Dataset Shape: (17220, 580)


In [3]:
# Identify relevant columns for Revenue/Expenses by Gender and Sport
rev_cols = [c for c in df.columns if 'Revenue' in c]
exp_cols = [c for c in df.columns if 'Expense' in c]

print("Key Revenue Columns:")
print([c for c in rev_cols if 'Total' in c or 'Football' in c or 'Basketball' in c][:10])

Key Revenue Columns:
['Archery Total Revenue', 'Badminton Total Revenue', 'Baseball Total Revenue', "Basketball Men's Team Revenue", "Basketball Women's Team Revenue", 'Basketball Coed Team Revenue', 'Basketball Total Revenue', 'Beach Volleyball Total Revenue', 'Bowling Total Revenue', 'All Track Combined Total Revenue']

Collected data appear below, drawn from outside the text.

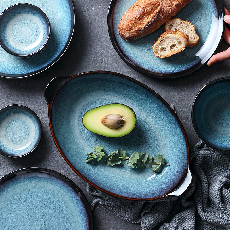 Kiln retro bowl Single noodle bowl Household large soup bowl Rice bowl 4 5 5 inch plate
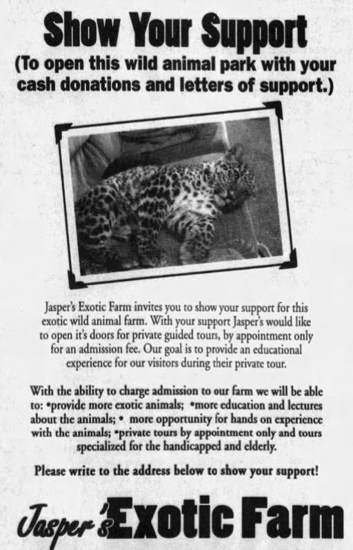 According to the Feb. 18, 2001, edition of the Argus Leader, the collection of living critters and beasts that had been living at Jasper’s Exotic Farm five miles west of the city came after the owners had run the zoo without necessary permitting. A federal fraud investigation also played a role in David Jasper and his wife swiftly offloading the animals, shuttering their business and moving out of state.
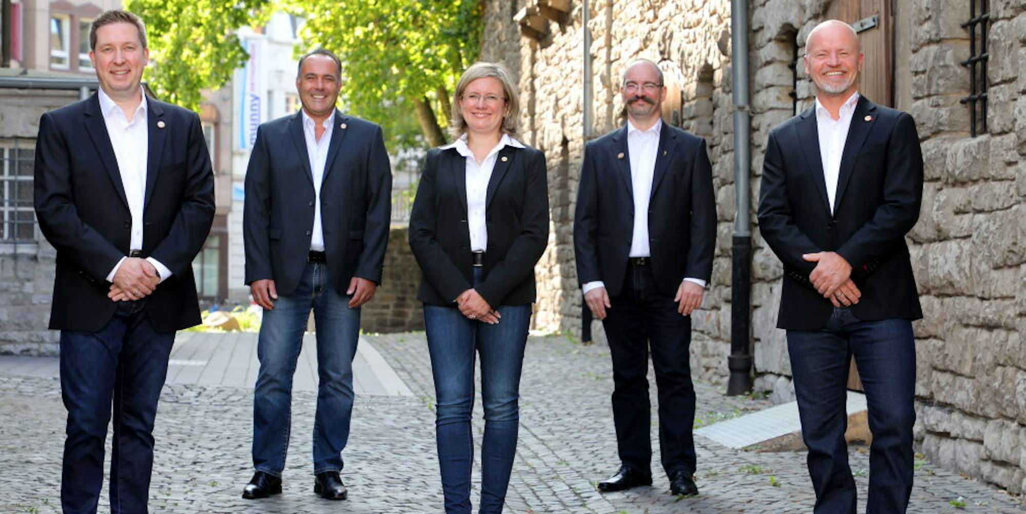 Erstes geheimes Foto mit Abstand im Schatten des Rathauses: (v.l) Prinz in spe Frank Haag, Prinzenführer Frank Mehren, die designierte Jungfrau Melanie Pfister, der Präsident der Großen Gladbacher KG, Alexander Pfister, und der Bauer fürs Dreigestirn 2022, Andreas Rossa.
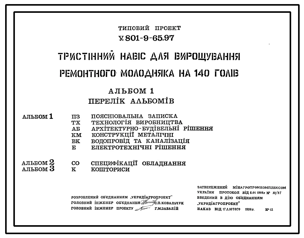 Типовой проект У.801-9-65.97 Трехстенный навес для выращивания ремонтного молодняка на 140 голов (украинский язык)

## 2. Advanced Feature Engineering

In [4]:
# Helper to handle division by zero
def safe_div(a, b):
    return a / b.replace(0, np.nan)

# --- A. Gender Breakdown ---
# Note: Column names need to be exact. Based on typical EADA formats:
# "Total Men's Team Revenues", "Total Women's Team Revenues"
# "Total Men's Team Expenses", "Total Women's Team Expenses"

# Fill NaNs with 0 for calculations
df['Grand Total Revenue'] = df['Grand Total Revenue'].fillna(0)
df['Grand Total Expenses'] = df['Grand Total Expenses'].fillna(0)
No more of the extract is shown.